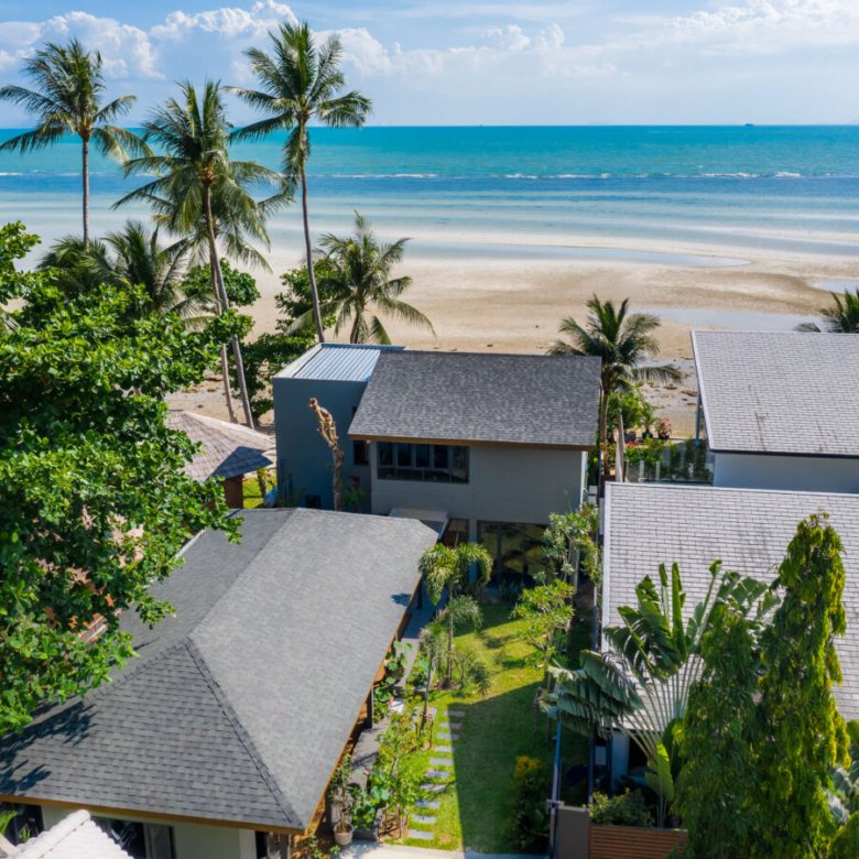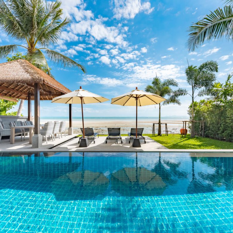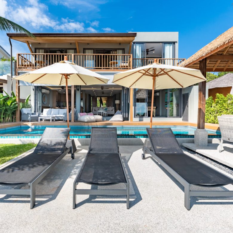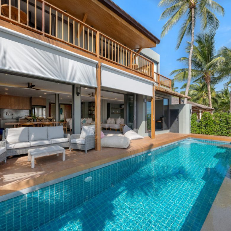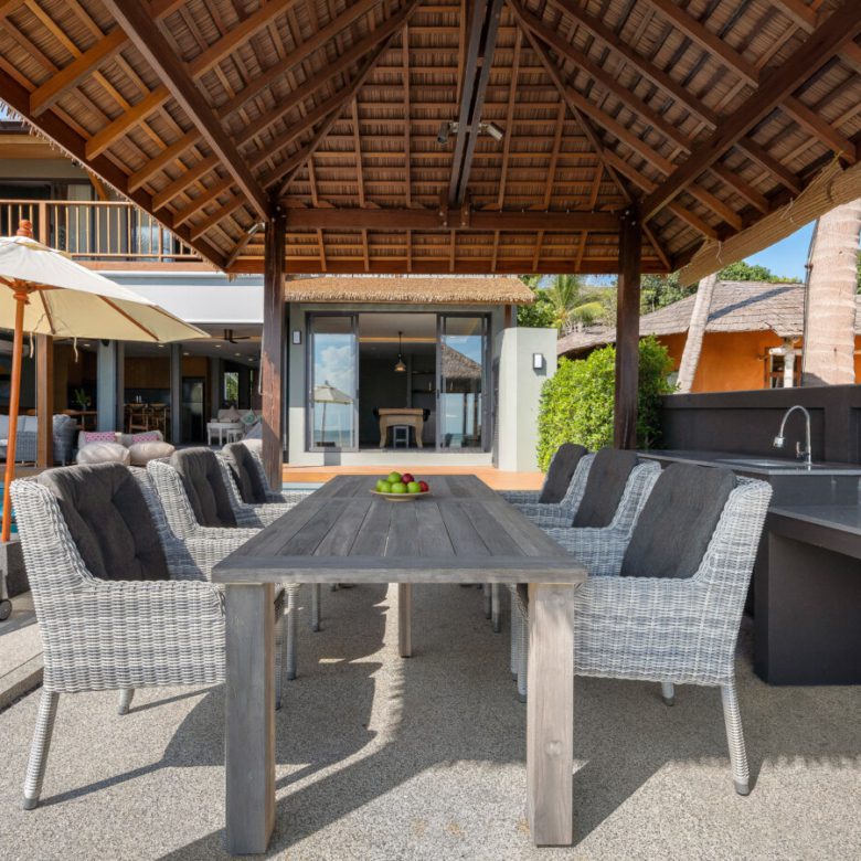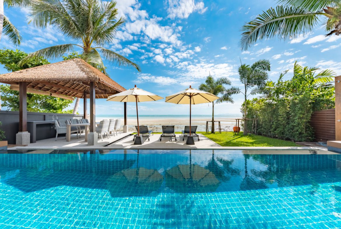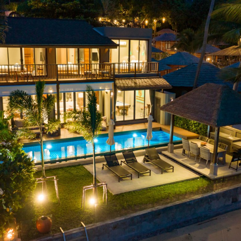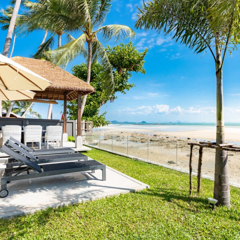 This stylish, tropical, luxurious, breezy and absolute beach front combines form and function and offers magnificent views of Samui’s small islands and the sea beyond. With 520 mÂē of indoor/outdoor living space with 5 en-suite bedrooms, large living area, beachfront infinity pool, garden, air-conditioned, gym, professional pool table, BBQ and sala, this villa is perfect for up to 10 adults.
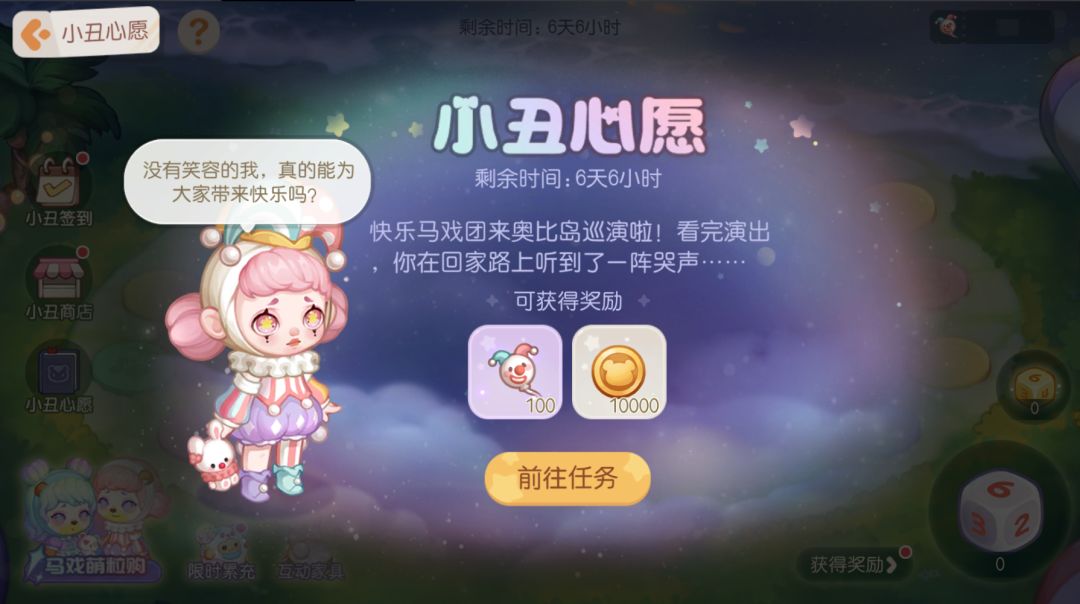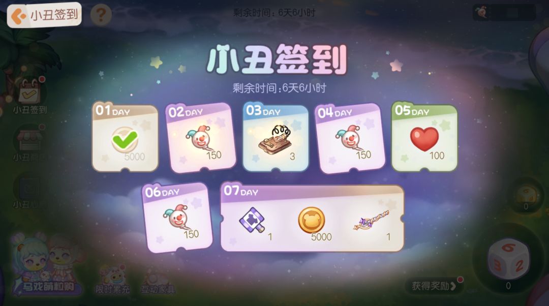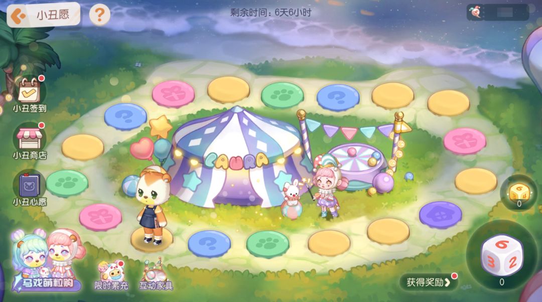 活动介绍:灯光亮起,音乐响起,欢迎来到充满快乐的马戏团!活动期间完成每日任务可以获得骰子,掷出骰子前进对应点数。累计投掷指定数量的骰子还能领取主办方特地准备的「小丑气球」哦!
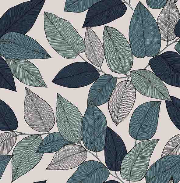 TISSU TOILE BACHETTE FEUILLES ETHNIQUES BEIGE VERT
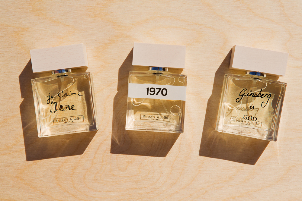 Bella is best known for her slogan-embroidered knitwear, and her perfumes have taken her three most iconic phrases—Je T’aime Jane, Ginsberg is God and 1970—and turned them each into a scent.
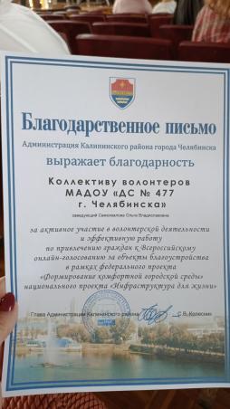 Проведено награждение педагогов Калининского района за их значительный вклад в развитие волонтёрского движения и работу по организации Всероссийского онлайн-голосования за объекты благоустройства. Отмечен и коллектив МАДОУ "ДС№477 г.Челябинска"
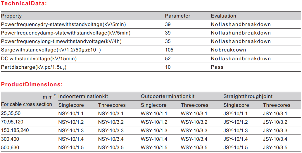 For 6/10kV and 8.7/15kV single core or 3 cores PVC and XLPE power cable termination kit and straight through joint, with good electrical and mechanical properties.
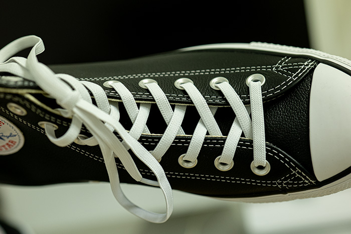 컨버스에 장착된 기본 신발끈보다 살짝 얇은 느낌인데 그렇게 큰 차이는 없어 보였고 대신 소재가 달라서 신발끈의 느낌이 매우 다릅니다. 재질이 다르니 뭐 어쩔 수 없는데 살짝 이질감이 드는 느낌의 고무끈.
----------------------------------------
## [Problem requirements]
Output the full material above exactly, leaving every picture out.

## [Response box]
 This stylish, tropical, luxurious, breezy and absolute beach front combines form and function and offers magnificent views of Samui’s small islands and the sea beyond. With 520 mÂē of indoor/outdoor living space with 5 en-suite bedrooms, large living area, beachfront infinity pool, garden, air-conditioned, gym, professional pool table, BBQ and sala, this villa is perfect for up to 10 adults.
 活动介绍:灯光亮起,音乐响起,欢迎来到充满快乐的马戏团!活动期间完成每日任务可以获得骰子,掷出骰子前进对应点数。累计投掷指定数量的骰子还能领取主办方特地准备的「小丑气球」哦!
 TISSU TOILE BACHETTE FEUILLES ETHNIQUES BEIGE VERT
 Bella is best known for her slogan-embroidered knitwear, and her perfumes have taken her three most iconic phrases—Je T’aime Jane, Ginsberg is God and 1970—and turned them each into a scent.
 Проведено награждение педагогов Калининского района за их значительный вклад в развитие волонтёрского движения и работу по организации Всероссийского онлайн-голосования за объекты благоустройства. Отмечен и коллектив МАДОУ "ДС№477 г.Челябинска"
 For 6/10kV and 8.7/15kV single core or 3 cores PVC and XLPE power cable termination kit and straight through joint, with good electrical and mechanical properties.
 컨버스에 장착된 기본 신발끈보다 살짝 얇은 느낌인데 그렇게 큰 차이는 없어 보였고 대신 소재가 달라서 신발끈의 느낌이 매우 다릅니다. 재질이 다르니 뭐 어쩔 수 없는데 살짝 이질감이 드는 느낌의 고무끈.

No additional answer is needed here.